Intimacy of Minerva’s personal relations.

The offices of both these deities, but especially of Minerva, in relation to the guidance of human conduct, are much higher than those of any other deity in their kind. Not only do they both act in the largest and most free manner on the human mind by inward influence, but, if there is any trace in the Homeric system of what may be called spiritual religion, of the tender and intimate relations which have from the first subsisted between the children of faith and their Father in Heaven, it is in Minerva that we must seek for it. It is indeed but a faint resemblance that we shall find; the very application of the word may be disputable. Yet it is something, which appears to show that it was at any rate not of heathen origin: that it is a flower, sickly, because transplanted from a better to a less kindly soil; a shadow, or a wreck of something greater and better, and not a scheme built up from beneath. The mode in which Minerva cares for Ulysses deserves at least thus much of honour. It is a contact so close and intimate, a care so sleepless and so tender, embracing alike the course of events without, and the state of mind within; so affectionate in relation to the person, yet so entirely without the least partiality or caprice; so personal, yet so far from what Holy Scripture calls, with the highest perfection of phrase, respect of persons; so deeply founded on general laws of truth and justice, even if some deviations can be detected, by a jealous eye, in the choice of subsidiary means; that, as it is without any thing like a parallel in the ruder and meaner relations of men with the deities of invention, so it makes its own audible and legitimate claim to a higher origin. The principle at least of inward and sustained intercourse between the Deity and the soul of man is perceptibly represented to us by the literature of Greece in a case like this, and, with the very partial and qualified exception of the δαίμων of Socrates, in such a case only.
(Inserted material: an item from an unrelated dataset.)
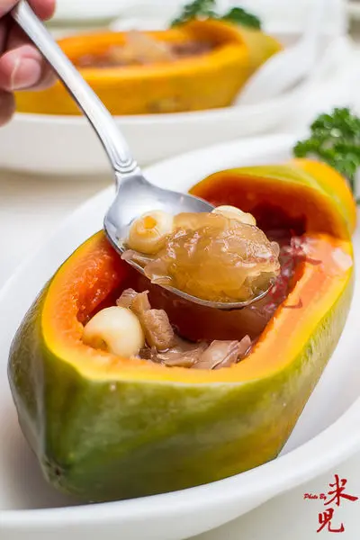 最後的甜湯是木瓜銀耳蓮子湯,溫潤養生的甜品。
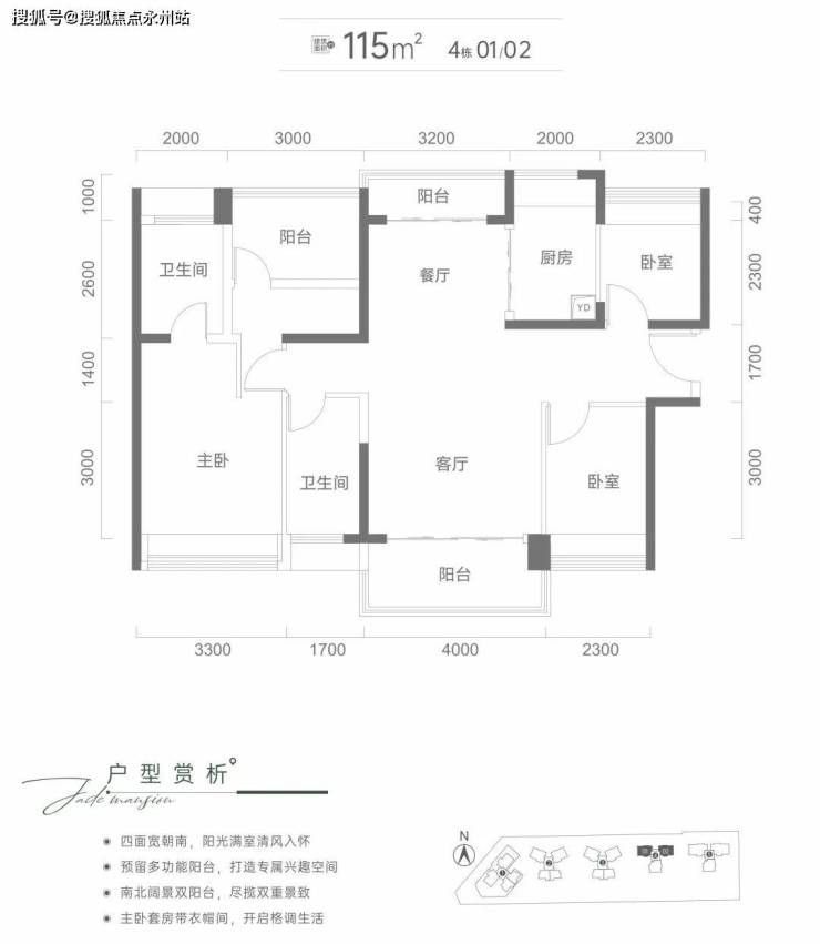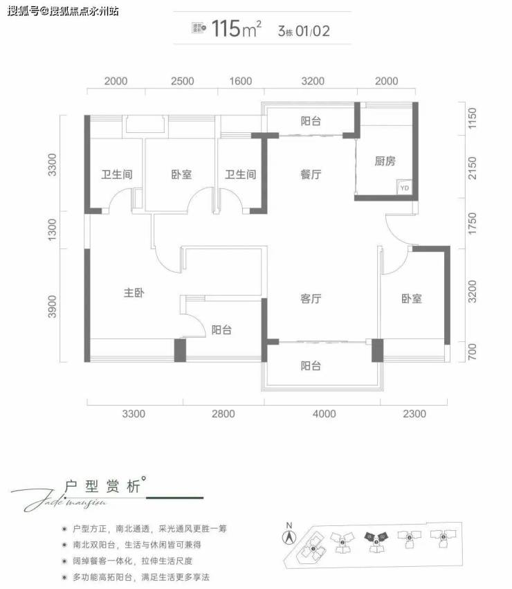 115平3+1房2卫:这个面积段是套数最多的,有四条腿、有两个户型。3栋两条腿对称,一个东南、一个西南朝向;4栋两条腿都是南北通透。这两个户型设计和布局都还不错,

Minerva, again, can affect the mind with a friendly bewilderment; as when she paralyses for a moment the understanding of the nurse Euryclea, that she may not give an answer, which would be inconvenient, to the question of Penelope[228]. To her Ulysses looks for the right rearing of his son: and she assures him he need have no anxiety[229]. Even as respects the human person, no powers so large are any where ascribed by Homer to any other deity as those which she exercises, especially in the transformation and re-transformation of Ulysses.

Form of their relation to their attributes.

3. Another very remarkable distinction, or rather cluster of distinctions, attaching to these deities, relates to the manner in which they bear their attributes. Speaking generally, the deities of pure invention are the mere impersonations of a passion, or of an elemental or bodily power, or of a mental gift. They are, in the order of ideas, posterior and ministerial to their own attributes: the mere vehicles for carrying them into movement and action, so that in truth the persons are the embellishments and the attributes of qualities, and not the qualities attributes of persons. To state it at the very highest, the inventive divinity is the steward of his own gifts.

Now the traditive god is their proprietor and master. In the case of the two great traditive deities, Apollo and Minerva, the relation between function and person exactly reverses that which has been described. Here the attribute is something attached to, something in the possession and under the command of, the person; as much so, as the unerring bow of Apollo, or the invincible spear of Minerva. It is not Apollo, but it is the bow of Apollo, which stands in the relation to his office as minister of death, that Vulcan himself bears to the element of fire and to the metallic art, or Mars to the passions and the strong hand of war. If we except the single case of the choice garment of Juno[230], Minerva neither spins nor hammers. Mars always appears fighting, but Apollo does not always appear prophesying or playing the lyre, a function which he seems to perform only in the company of the gods.

The difference is strongly marked in Homer, by the fact that the invented divinities of the second order are identified in common language with their offices. Ares is a synonym for a spear: fire is φλὸξ Ἡφαίστοιο, or even simply Ἥφαιστος[231]: the name Ἠέλιος is absolutely identified with a great natural object: corn is Δημήτερος ἀκτή. But no analogous phrase is applicable to Apollo or to Minerva in Homer. As, with the lapse of time, the will and fancy of man did its work more fully upon the idea of deity, the names of other divinities fell within the circle; and the remembrance of tradition having become fainter and fainter, in the time of Horace the word Minerva could be used for wit (Hor. Sat. II. ii. 3);

Rusticus, abnormis sapiens, crassâque Minervâ.

But, as is often the case, in this change, external as it is, and apparently slight, we have an outward sign of the profound alterative process, which in Homer’s time had largely begun, and which continued until the incrustation and absorption of religious truth became entire.